My dog ran out of the house and it took . one hour an a half later I caught the dog, at a park three miles East and four miles South of my house. What was the net distance traveled by my dog? What was my dog's average speed?
2007-02-01 08:13:15 · 3 answers · asked by nana g 1 in Science & Mathematics ➔ Physics
You can define a right triangle with the sides 3 (east) and 4 (south) and solve for the hypotenuse. A^2 + B^2 = C^2. 3, 4, 5 is a well known right-triangle, actually. So the net distance is 5 miles, southeast (I can solve for the exact angle, too, but that will take a little longer. Let me know if you need it.) Your dog's average speed? Well, that depends on what route he took, and how far he actually travelled. If he went 3 miles east, and then 4 miles south, he travelled 7 miles. But to give you an answer, I'll assume he travelled in a straight line, 5 miles. So 5 divided by 3/2 hours, same as 5 times 2/3, is 10/3 or about 3.33 miles per hour.
2007-02-03 08:32:56 · answer #1 · answered by Master Maverick 6 · 1⤊ 0⤋
The magnitude of the net displacement (5 miles) is easily calculated by using Pythagorus.
The magnitude of the average velocity is easily calculated by dividing that by an hour and a half. (3.333 miles per hour).

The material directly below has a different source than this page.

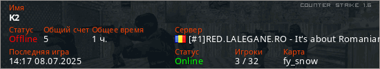 Играет на Counter Strike 1.6 сервере. Страна: РумынияПервый раз замечен 00:40 28.07.2023
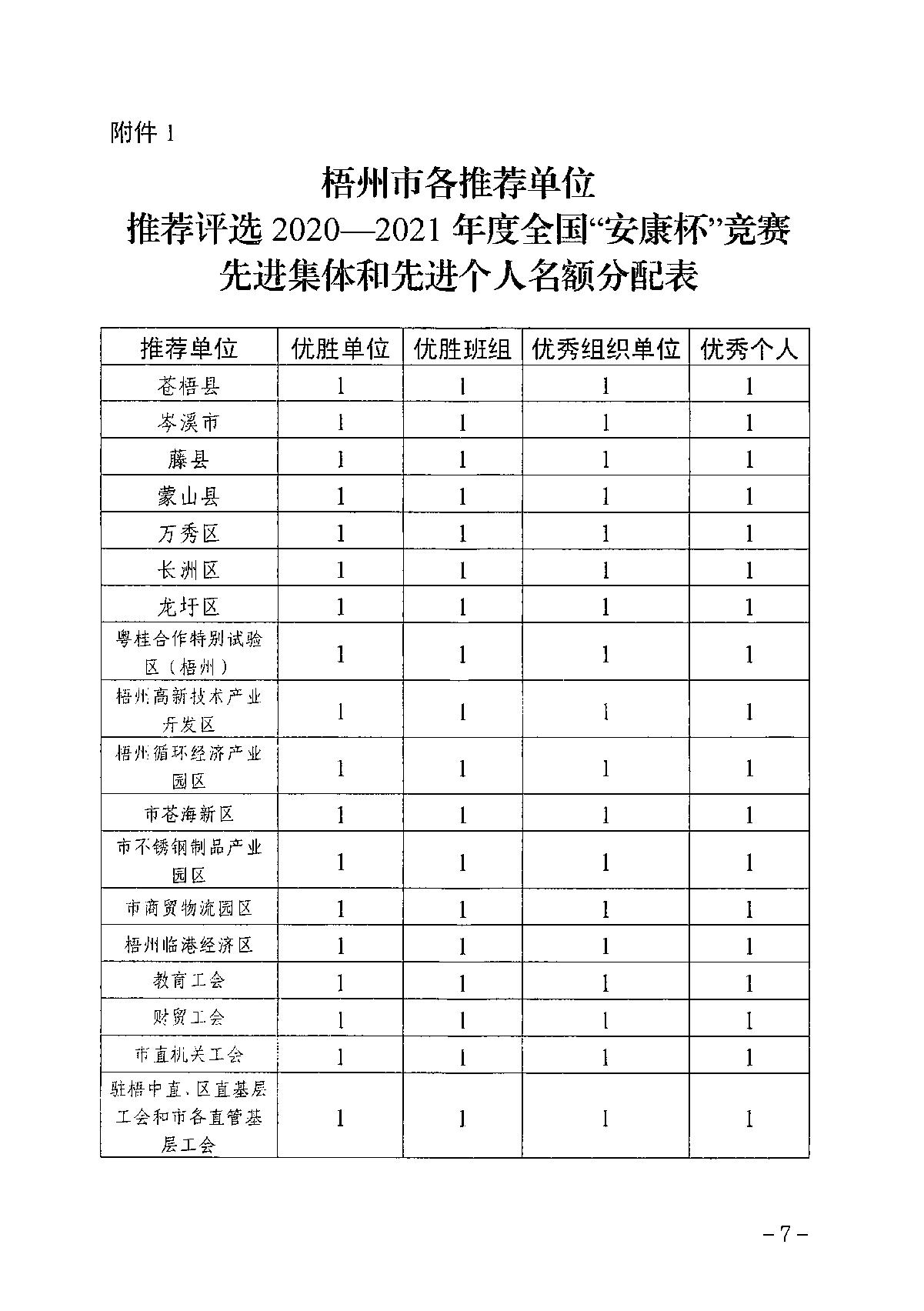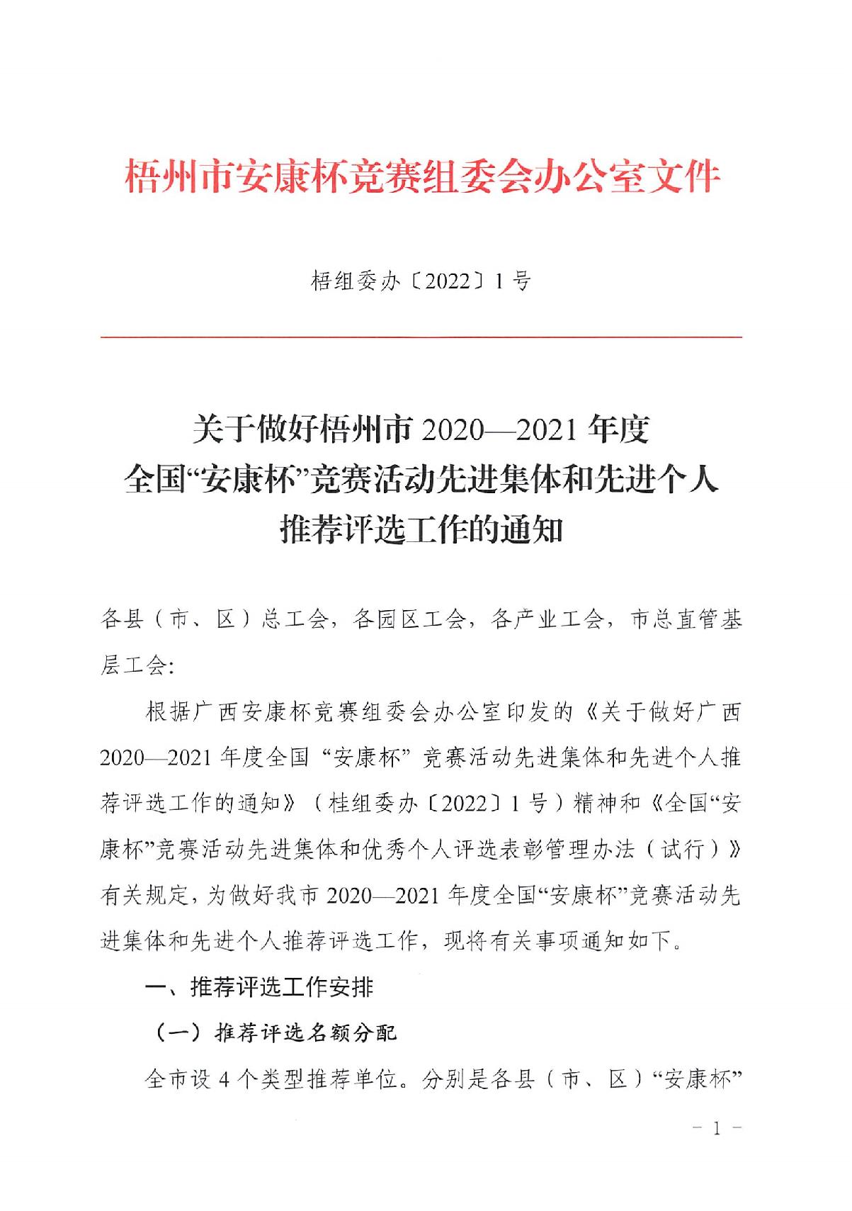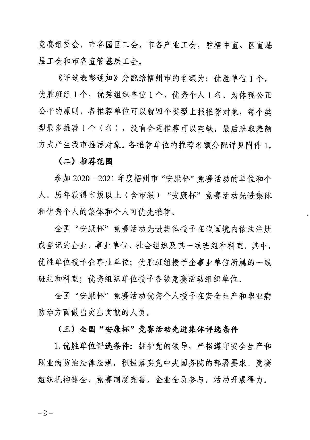 關于做好梧州市2020—2021年度全國安康杯競賽活動先進集體和先進個人推薦評選工作的通知

The average speed, however, will be greater than that. No dog I've ever met travels anywhere in a straight line. They bop here and there and everywhere to pee on everything. These excursions cancel out if you are calculating average velocity (a vector quantity), but they matter if you are calculating average speed.
If you can explain that to your teacher, I promise you an A++ for the question.
2007-02-01 17:04:38 · answer #2 · answered by Anonymous · 0⤊ 0⤋
i was going to ask you that question..lol
9m/hr for speed
12.6 m
2007-02-01 16:23:01 · answer #3 · answered by oscar c 5 · 0⤊ 1⤋